Involvement of scheduled caste youth in education for upliftment is a must. Talented youth should be given scholarships and other financial help to get higher education so that they come forward and can reach higher places. In Sindh villages should be developed, facilities be provided. Although the government has set up Goth Abad Scheme, it has not done much in a real sense. The villagers should be given property rights of their lands, where they live and can get loans from house building finance corporation to build their homes.
Economic and Social Status of Scheduled Castes
3.1 Lower Access to Capital Assets
3.2 Higher Proportion of Wage Labour
3.3 Discrimination in Wage Earnings
3.4 Higher Incidence of Poverty
3.5 Low Literacy Rate
3.6 Poor Health
3. 1 Lower Access to Capital Assets:
Scheduled caste population in Pakistan is overwhelmingly rural in nature. Of the total 332, 343 scheduled caste population, over 93 percent resides in rural areas and only seven percent is settled in urban settlements. In Sindh province scheduled caste population is concentrated in four districts — Tharparkar, Umerkot, Mirpur Khas and Hyderabad. In Punjab majority of scheduled caste inhabits in Rahimyar Khan and Bahawalpur districts. Thus, 89 percent of the total scheduled castes population in Pakistan lives in above-mentioned six districts; except Hyderabad, all these districts are bordering with India.
Scheduled castes population Rural No &
( %) Urban No & (%)
Pakistan 3,32,343 3,07,509 (93) 24,834 (7)
Sindh Province 3,00,308 279,223 (93) 21,085 (7)
Punjab Province 23,782 21,258 (89) 2, 524 (11)
Source: Population Census Report of 1998
District wise break up of scheduled castes population
Name of district (Sindh) Population
Mirpur Khas 33,595
Name of district (Punjab) Population
Rahimyar Khan 17,449
Majority of rural population depends on agriculture for their livelihood. They work as labourer on agriculture, without having their own landholdings. These agricultural workers locally known Hari or Mazari in these districts are the poorest of the poor and most marginalized sections of the society. Scheduled caste concentrated districts in Sindh are also notorious for exploitation of labour as majority of bonded labour incidences are reported from these districts.
As in rural areas no industry or other business centres are located, so most of the population depends on agriculture for their livelihood, and by working on share cropping conditions, they are vulnerable to bondage and other exploitations by the landlords.
Ironically, an overwhelming majority of scheduled castes have no or meager access to any property or assets. They are landless peasants with no other assets such as land property, gold or bank balance etc.

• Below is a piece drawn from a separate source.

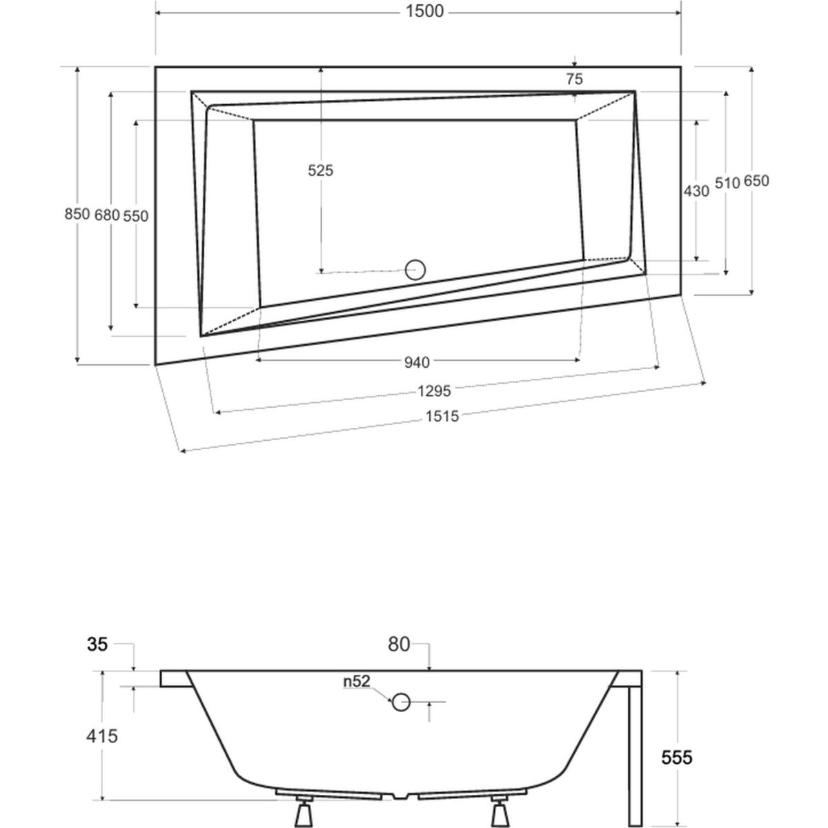Besco Intima Eckbadewanne 150x85 cm linksseitig weiß #WAIT-150-NL

Since official data did not provide any segregated statistics on the basis of caste, the survey conducted for the purpose of this study in Tharparkar, Umerkot, Rahimyar Khan and Bahawalpur districts reveal that 83 percent scheduled caste population did not own even a small piece of land.

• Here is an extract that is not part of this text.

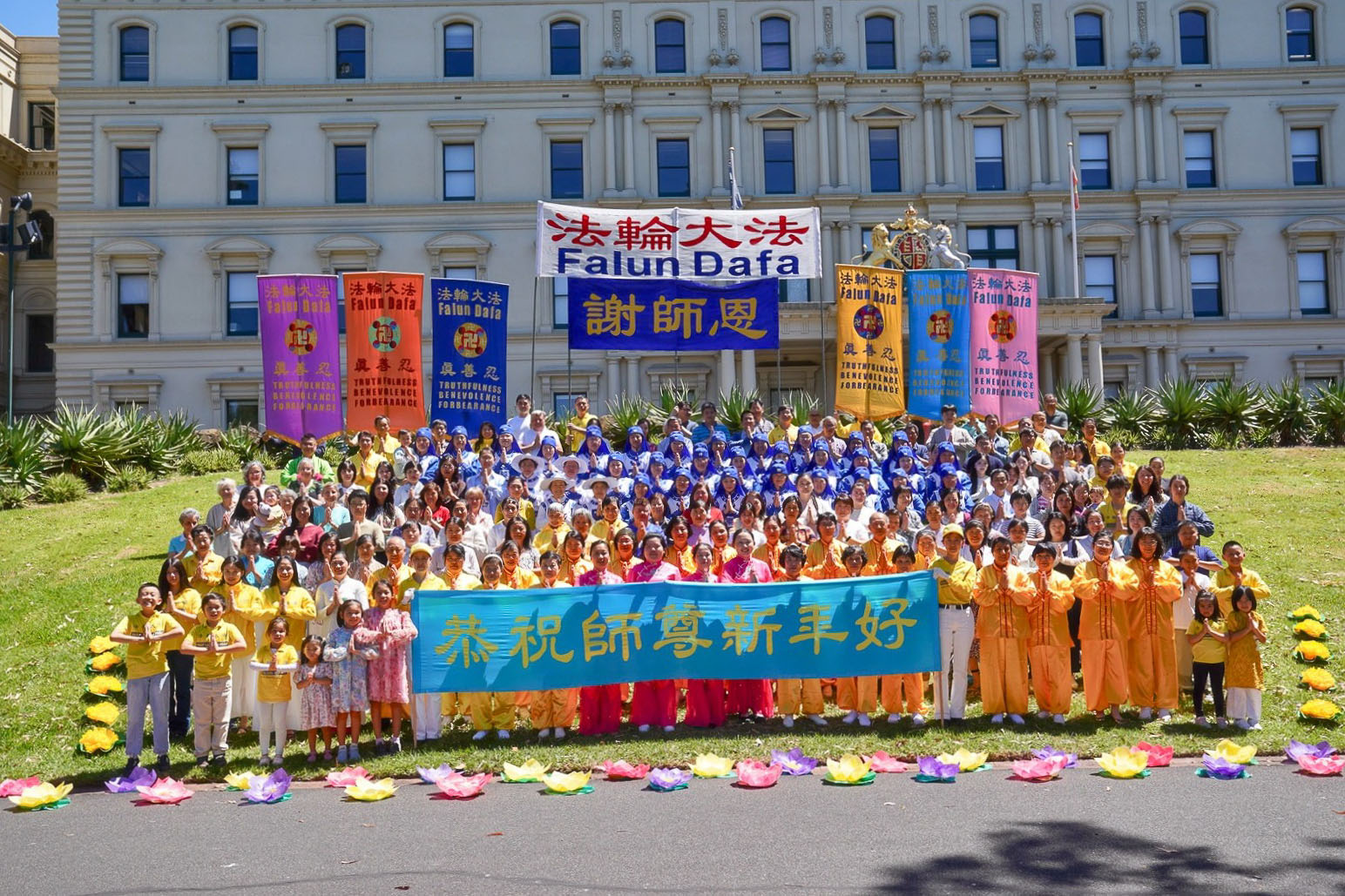 (Minghui.org) Practitioners held an event at the Treasury Gardens in Melbourne the first weekend in February to celebrate the upcoming Chinese New Year. They wished to thank the founder of Falun Dafa, Master Li, for the benefits they received from following the practice.

The land ownership by the remaining 17 percent is also very small as 90 percent of the scheduled caste land owners own a very small piece of land between one and five acres. There are more landless scheduled castes in Southern Punjab than in Tharparkar. In Thar desert many scheduled caste have land but that is mainly non- irrigated desert land and can be cultivated on rain water only.

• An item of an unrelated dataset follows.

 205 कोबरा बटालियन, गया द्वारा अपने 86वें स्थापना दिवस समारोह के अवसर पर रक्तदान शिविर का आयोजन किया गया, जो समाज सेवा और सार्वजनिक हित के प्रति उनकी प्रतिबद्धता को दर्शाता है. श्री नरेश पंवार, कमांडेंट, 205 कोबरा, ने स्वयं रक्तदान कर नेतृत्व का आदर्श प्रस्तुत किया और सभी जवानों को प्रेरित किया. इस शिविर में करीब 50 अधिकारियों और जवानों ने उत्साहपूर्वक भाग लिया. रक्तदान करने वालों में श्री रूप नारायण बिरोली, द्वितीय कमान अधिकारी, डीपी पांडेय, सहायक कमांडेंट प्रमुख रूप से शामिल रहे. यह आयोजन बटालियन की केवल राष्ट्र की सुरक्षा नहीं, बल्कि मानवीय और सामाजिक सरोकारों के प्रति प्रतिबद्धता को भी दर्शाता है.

Distribution of sample by having and not having land
Ironically, the geographical location of scheduled castes is another disadvantage as Tharparkar, and major portion of Umerkot districts in Sindh are located in Thar desert and Bahawalpur and Rahimyar Khan in Punjab are located in Cholistan desert areas respectively with no irrigation water to cultivate land. Land cultivation depends on rains leaving the population vulnerable to frequent droughts and dependent on the nature.
In case of Thar, a major chunk of population often migrates to nearby irrigated areas on regular basis in search of livelihood. These poor migrant workers often take loans to meet their daily expenses and are unable to pay back the amount in a short time. In this way they are trapped in bondage, thus the amount of loan multiplies and they are never able to come back to their ancestral abodes.
Scheduled caste households are without entitlements of their homes where they live now. It is very important that they are given legal possessions and the pieces of land where they live should be considered as revenue land. Government should also ask the financial institutions like House Building Finance Corporation (HBFC) to provide interest free loans to scheduled castes people for building their homes.
The only asset these scheduled caste people have is livestock mainly cows. But in absence of rains, it becomes liability rather than an asset. In drought conditions, the animals die or become very weak, so they do not fetch any good rate in the market. Scheduled caste communities complain that in absence of any assets, they depend on debts for their survival and this way often land in bondage giving up their freedom and dignity. In bondage they are meted an inhuman treatment by the landlords and their staff.
It is also interesting to note that scheduled caste people even did not own the piece of land where they could have built huts or kucha houses. Scheduled castes villages and settlements, are without any official entitlements for centuries.
Lack of entitlements has emerged as a main issue faced by scheduled castes during discussion with ordinary souls of the community as well as community representatives. They believe that entitlements in the names of scheduled castes can be a single important step towards the uplifting of these marginalized sections of the society.This will provide them security as well as ownership of a very small but important asset.
3.2 Higher Proportion of Wage Labour
Due to lack of any sort of equity and land holding or business ventures, the scheduled castes depend on wages of labour for livelihood. Majority of them live in rural areas and work as agriculture workers, where as some of them work as daily wagers in nearby towns and cities.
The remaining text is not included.